Work required: Every line from the one with "拼版照片:上图为5月25日,工人在湖南邵" up to and including the one with "可用微信 / 支付寶 APP" is to be output exactly as it appears below; pictures are not.

Input:
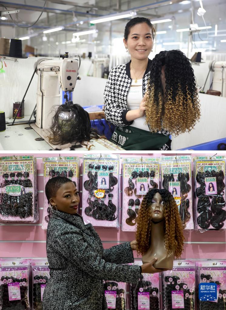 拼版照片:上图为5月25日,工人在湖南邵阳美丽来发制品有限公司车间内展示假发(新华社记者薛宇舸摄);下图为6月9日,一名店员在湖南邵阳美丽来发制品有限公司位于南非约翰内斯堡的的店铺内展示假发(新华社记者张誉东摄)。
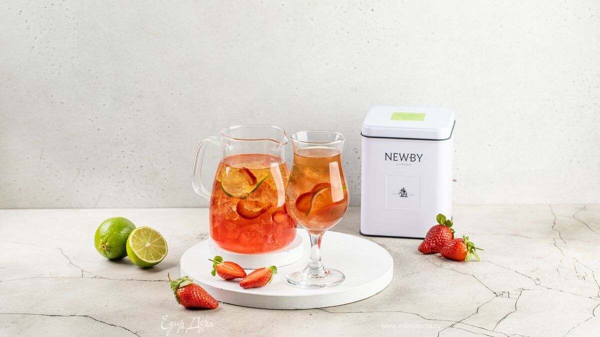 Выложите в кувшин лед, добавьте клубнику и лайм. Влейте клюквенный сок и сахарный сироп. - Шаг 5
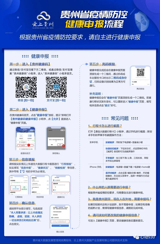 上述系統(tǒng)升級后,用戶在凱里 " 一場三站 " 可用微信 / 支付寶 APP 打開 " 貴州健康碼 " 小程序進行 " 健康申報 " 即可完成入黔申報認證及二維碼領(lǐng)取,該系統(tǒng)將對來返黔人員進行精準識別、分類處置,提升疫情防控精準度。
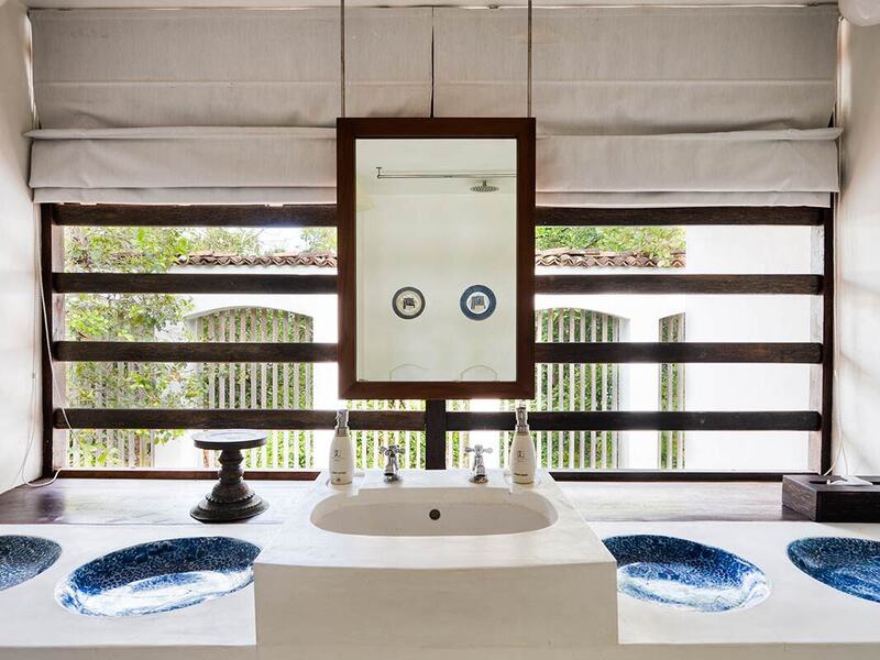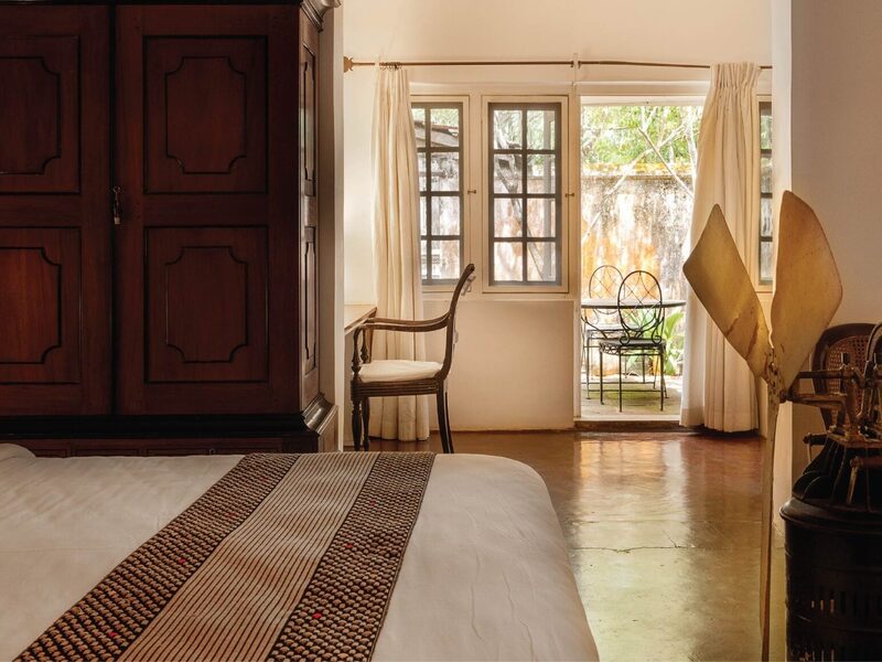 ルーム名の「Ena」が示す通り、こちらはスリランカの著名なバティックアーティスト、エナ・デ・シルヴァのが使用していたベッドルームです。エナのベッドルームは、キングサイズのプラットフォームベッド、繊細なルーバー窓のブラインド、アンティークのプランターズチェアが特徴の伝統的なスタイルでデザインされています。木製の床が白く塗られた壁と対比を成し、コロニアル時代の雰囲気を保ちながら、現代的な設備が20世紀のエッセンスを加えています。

==

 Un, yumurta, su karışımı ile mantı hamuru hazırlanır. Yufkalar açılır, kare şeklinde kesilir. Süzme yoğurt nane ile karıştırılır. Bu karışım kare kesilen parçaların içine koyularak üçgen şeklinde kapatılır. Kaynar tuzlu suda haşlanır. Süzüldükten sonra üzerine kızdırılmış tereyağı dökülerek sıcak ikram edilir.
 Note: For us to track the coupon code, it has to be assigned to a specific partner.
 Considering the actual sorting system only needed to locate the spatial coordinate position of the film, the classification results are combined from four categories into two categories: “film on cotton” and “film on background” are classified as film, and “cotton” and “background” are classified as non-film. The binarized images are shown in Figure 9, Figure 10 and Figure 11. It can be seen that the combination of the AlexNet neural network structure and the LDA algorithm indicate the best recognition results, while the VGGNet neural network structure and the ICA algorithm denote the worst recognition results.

Answer for the task:
 拼版照片:上图为5月25日,工人在湖南邵阳美丽来发制品有限公司车间内展示假发(新华社记者薛宇舸摄);下图为6月9日,一名店员在湖南邵阳美丽来发制品有限公司位于南非约翰内斯堡的的店铺内展示假发(新华社记者张誉东摄)。
 Выложите в кувшин лед, добавьте клубнику и лайм. Влейте клюквенный сок и сахарный сироп. - Шаг 5
 上述系統(tǒng)升級后,用戶在凱里 " 一場三站 " 可用微信 / 支付寶 APP 打開 " 貴州健康碼 " 小程序進行 " 健康申報 " 即可完成入黔申報認證及二維碼領(lǐng)取,該系統(tǒng)將對來返黔人員進行精準識別、分類處置,提升疫情防控精準度。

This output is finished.